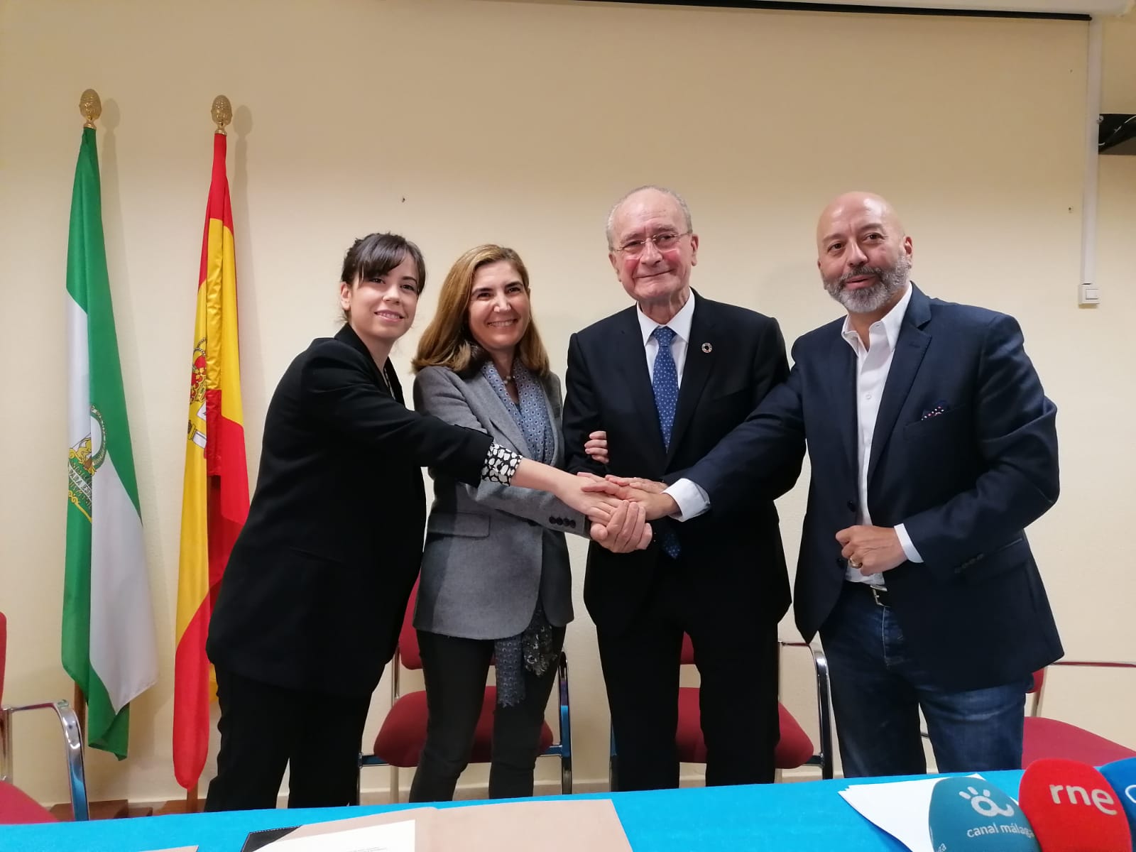 La consejera de Empleo, Formación y Trabajo Autónomo, Rocío Blanco; la directora del Área de Empleo y Emprendimiento de la Fundación Santa María la Real, Natalia Serrano; y el director de Relaciones Institucionales en Fundación Telefónica, Joan Cruz, han presentado hoy en Málaga el proyecto Lanzaderas Conecta Empleo, un nuevo modelo de orientación laboral que cambia la estructura de las actuales Lanzaderas de Empleo para ofrecer dos grandes actividades: “Alfabetización Digital” y “Lanzadera Conecta Empleo”
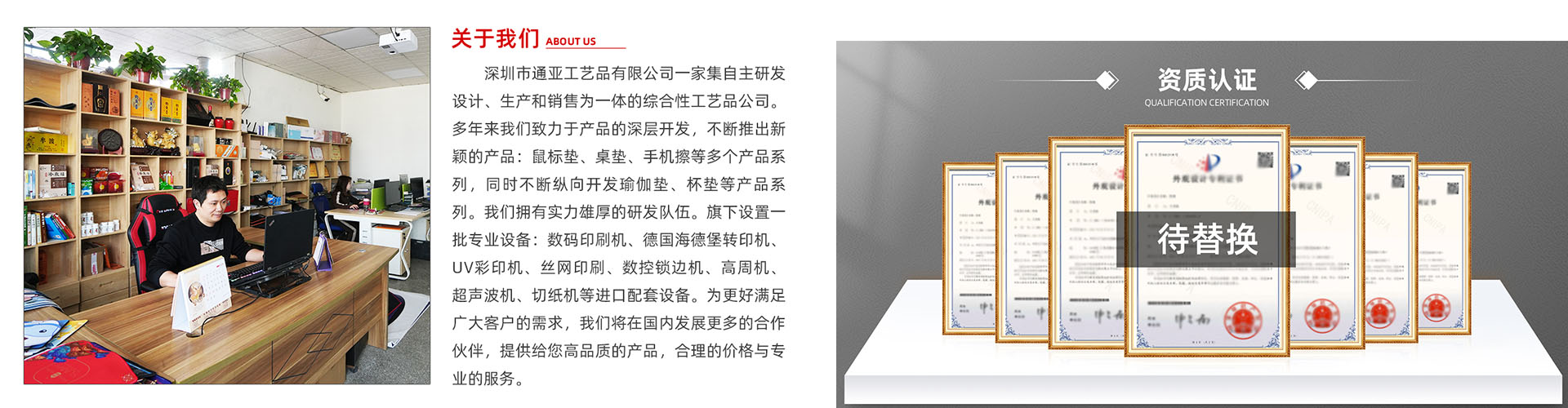深圳市通亞工藝品有限公司專業(yè)從事廣告鼠標(biāo)墊、禮品鼠標(biāo)墊、電競游戲桌墊、異形可愛卡通鼠標(biāo)墊、超大動漫桌墊、橡膠佳積布鼠標(biāo)墊、皮革桌墊、橡膠+皮革寫字墊、軟透明PVC日歷墊,發(fā)泡PVC鼠標(biāo)墊、3D立體吸水地墊、硅膠護(hù)腕墊、發(fā)光鼠標(biāo)墊、亞麻布發(fā)熱墊,無線充鼠標(biāo)墊、光伏玻璃鼠標(biāo)墊,生產(chǎn)與研發(fā)與一體的源頭工廠,公司成立至今得到了眾多客戶的認(rèn)可與依賴,也是深圳優(yōu)秀鼠標(biāo)墊供應(yīng)商之一,公司擁有一批先進(jìn)的鼠標(biāo)墊制作設(shè)備,體系完善、工藝精湛,追求完美、服務(wù)至上、質(zhì)量第一、誠信經(jīng)營是我們的宗旨!通亞人期待與您合作共贏!
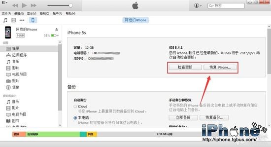 (1)、通過iTunes 恢復固件會導致清空iOS設備上所有的資料,建議先備份好重要資料。
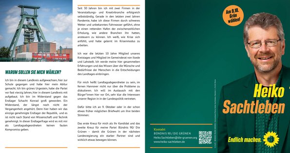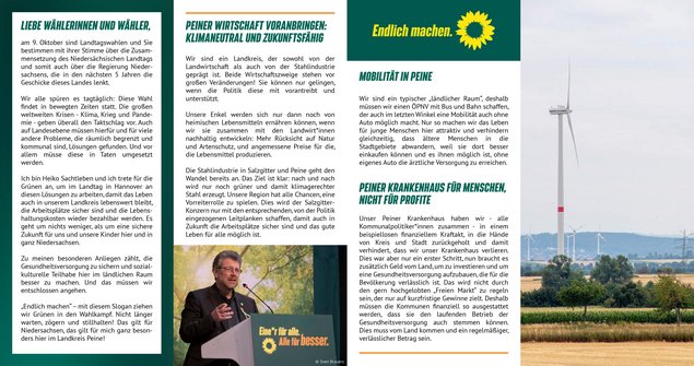Zur großen Freude der Peiner Grünen wurde ihr Sprecher, Heiko Sachtleben, auf den Listenplatz 12 gewählt, sein Einzug in den Landtag gilt als sicher.

+---+

# TASK OBJECTIVE
Reproduce every line above exactly, pictures excluded.

# YOUR RESPONSE
 La consejera de Empleo, Formación y Trabajo Autónomo, Rocío Blanco; la directora del Área de Empleo y Emprendimiento de la Fundación Santa María la Real, Natalia Serrano; y el director de Relaciones Institucionales en Fundación Telefónica, Joan Cruz, han presentado hoy en Málaga el proyecto Lanzaderas Conecta Empleo, un nuevo modelo de orientación laboral que cambia la estructura de las actuales Lanzaderas de Empleo para ofrecer dos grandes actividades: “Alfabetización Digital” y “Lanzadera Conecta Empleo”
深圳市通亞工藝品有限公司專業(yè)從事廣告鼠標(biāo)墊、禮品鼠標(biāo)墊、電競游戲桌墊、異形可愛卡通鼠標(biāo)墊、超大動漫桌墊、橡膠佳積布鼠標(biāo)墊、皮革桌墊、橡膠+皮革寫字墊、軟透明PVC日歷墊,發(fā)泡PVC鼠標(biāo)墊、3D立體吸水地墊、硅膠護(hù)腕墊、發(fā)光鼠標(biāo)墊、亞麻布發(fā)熱墊,無線充鼠標(biāo)墊、光伏玻璃鼠標(biāo)墊,生產(chǎn)與研發(fā)與一體的源頭工廠,公司成立至今得到了眾多客戶的認(rèn)可與依賴,也是深圳優(yōu)秀鼠標(biāo)墊供應(yīng)商之一,公司擁有一批先進(jìn)的鼠標(biāo)墊制作設(shè)備,體系完善、工藝精湛,追求完美、服務(wù)至上、質(zhì)量第一、誠信經(jīng)營是我們的宗旨!通亞人期待與您合作共贏!
 (1)、通過iTunes 恢復固件會導致清空iOS設備上所有的資料,建議先備份好重要資料。
Zur großen Freude der Peiner Grünen wurde ihr Sprecher, Heiko Sachtleben, auf den Listenplatz 12 gewählt, sein Einzug in den Landtag gilt als sicher.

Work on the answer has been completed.